Eddy diffusivities in scalar transport

TL;DR

This paper investigates standard and anomalous scalar transport in incompressible flows using multiscale analysis, deriving bounds for eddy-diffusivities, and comparing theoretical predictions with numerical simulations to identify anomalous diffusion.

Contribution

It introduces a multiscale approach to compute eddy-diffusivities, including bounds and perturbative solutions, and demonstrates how anomalous diffusion manifests at small molecular diffusivities.

Findings

Derived an upper bound for eddy-diffusivities applicable to static and time-dependent flows.

Used perturbative expansion and numerical methods to solve the auxiliary problem.

Identified signatures of anomalous diffusion through singular behavior of eddy-diffusivity.

Abstract

Standard and anomalous transport in incompressible flow is investigated using multiscale techniques. Eddy-diffusivities emerge from the multiscale analysis through the solution of an auxiliary equation. From the latter it is derived an upper bound to eddy-diffusivities, valid for both static and time-dependent flow.
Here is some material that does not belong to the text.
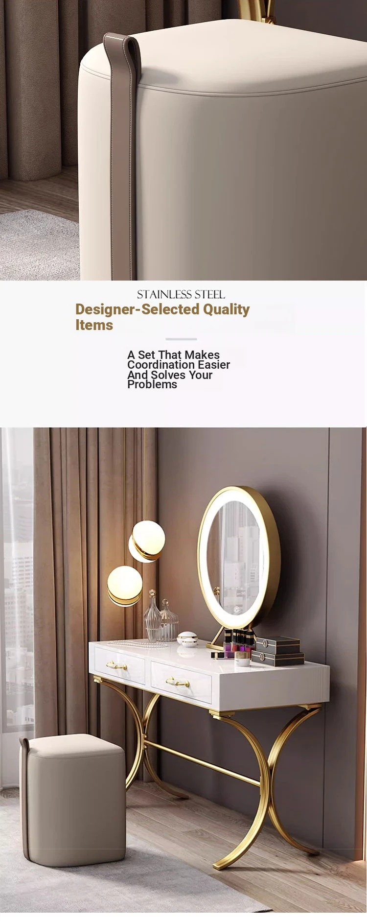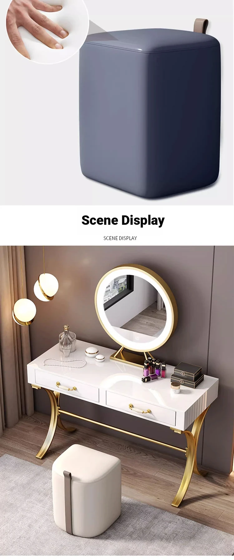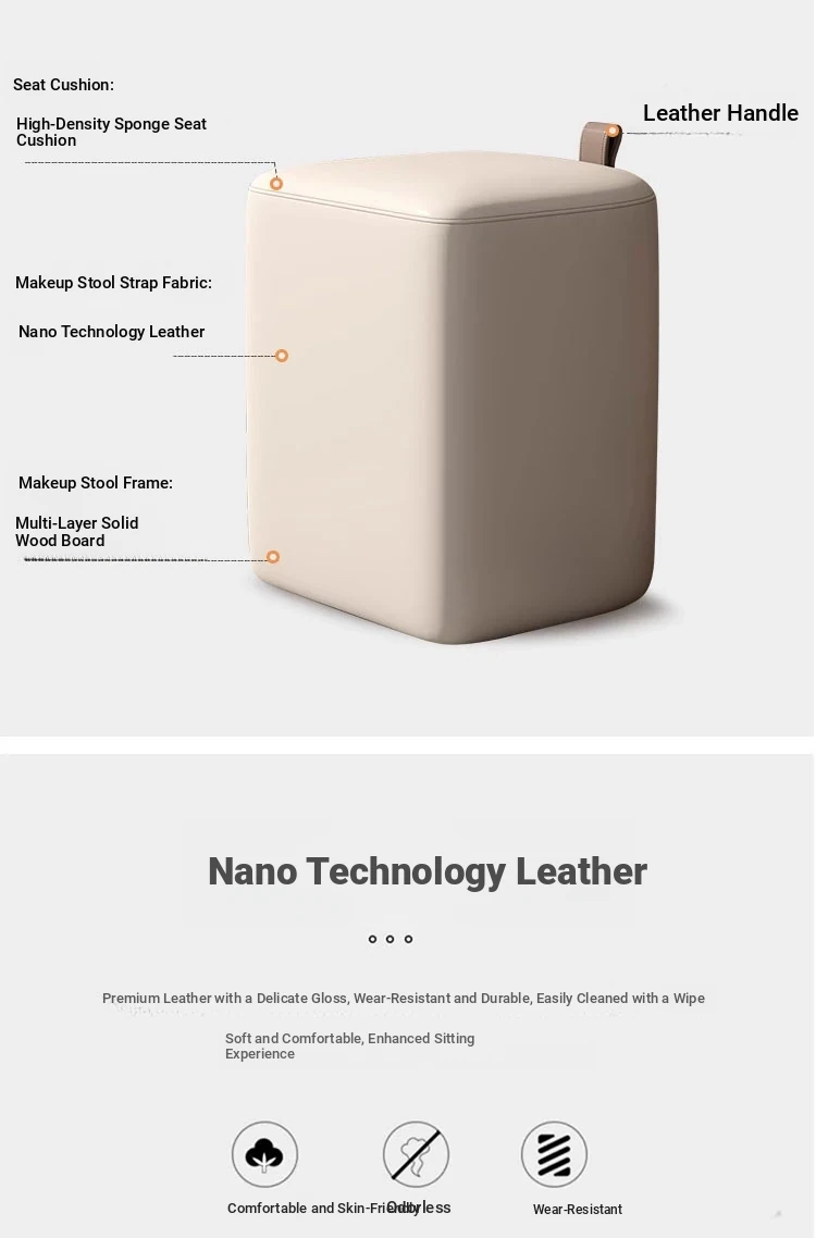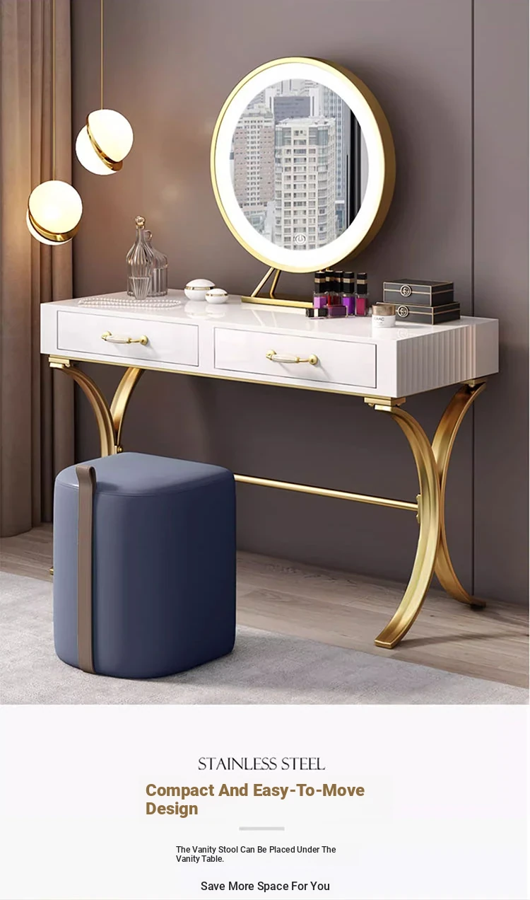 Elegant Makeup Stool for Home Use – Stylish Vanity Chair for Girls' Bedrooms and Study Rooms, Round Design, Perfect for Nail Art, Lightweight and Chic with a Touch of Luxury.
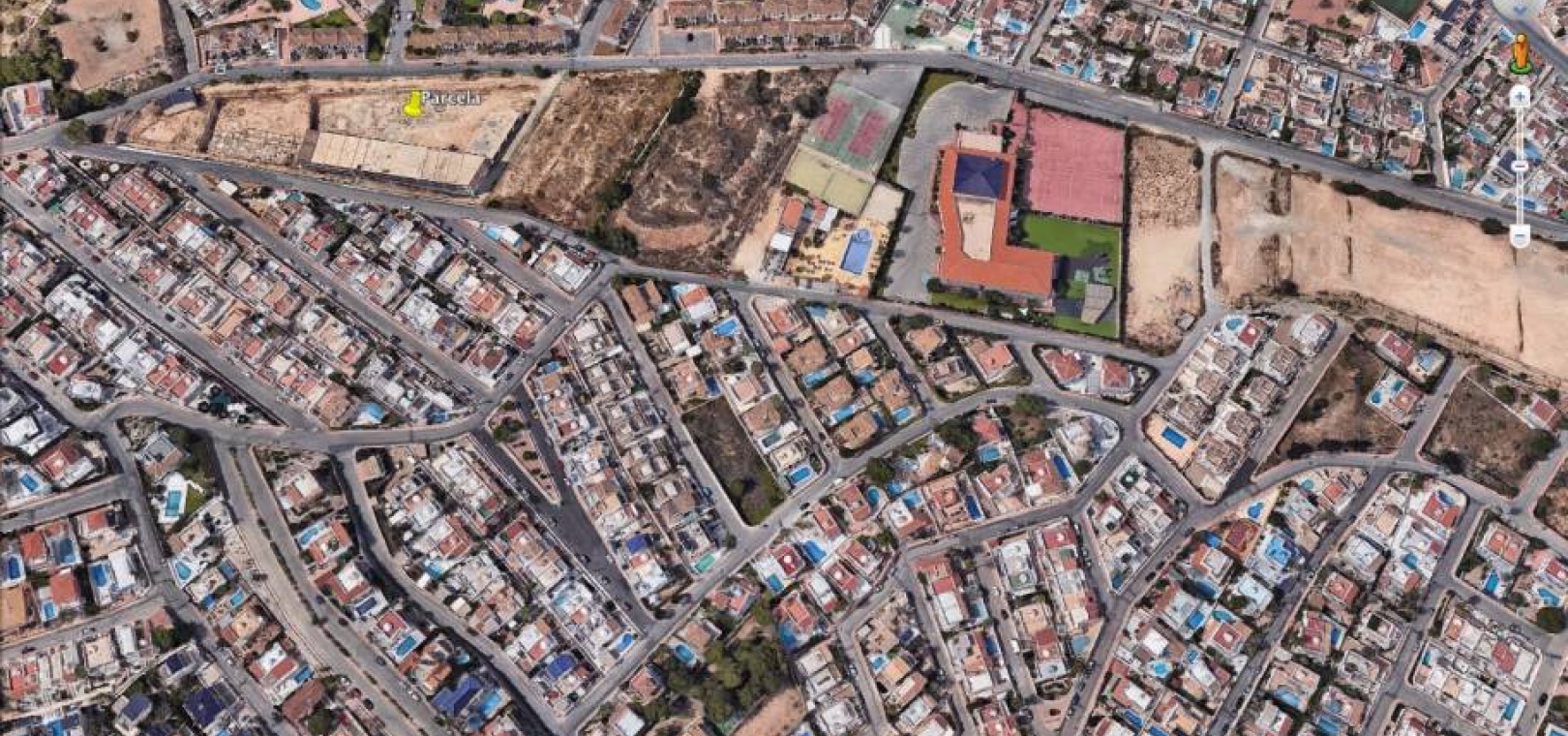 Terrain de 8 600 m² près du Colegio El Limonar (Villamartin). Ce terrain, constructible pour un hôtel ou une résidence pour personnes âgées, est actuellement aménagé dans sa première phase. Le projet actuel prévoit 68 appartements d'environ 70 à 80 m² chacun.

The auxiliary problem is solved by a perturbative expansion in powers of the P\'eclet number resummed by Pad\'e approximants and by a conjugate gradient method. The results are compared to numerical simulations of tracers dispersion for three flows having different properties of Lagrangian chaos. It is shown on a concrete example how the presence of anomalous diffusion can be revealed from the singular behaviour of the eddy-diffusivity at very small molecular diffusivities.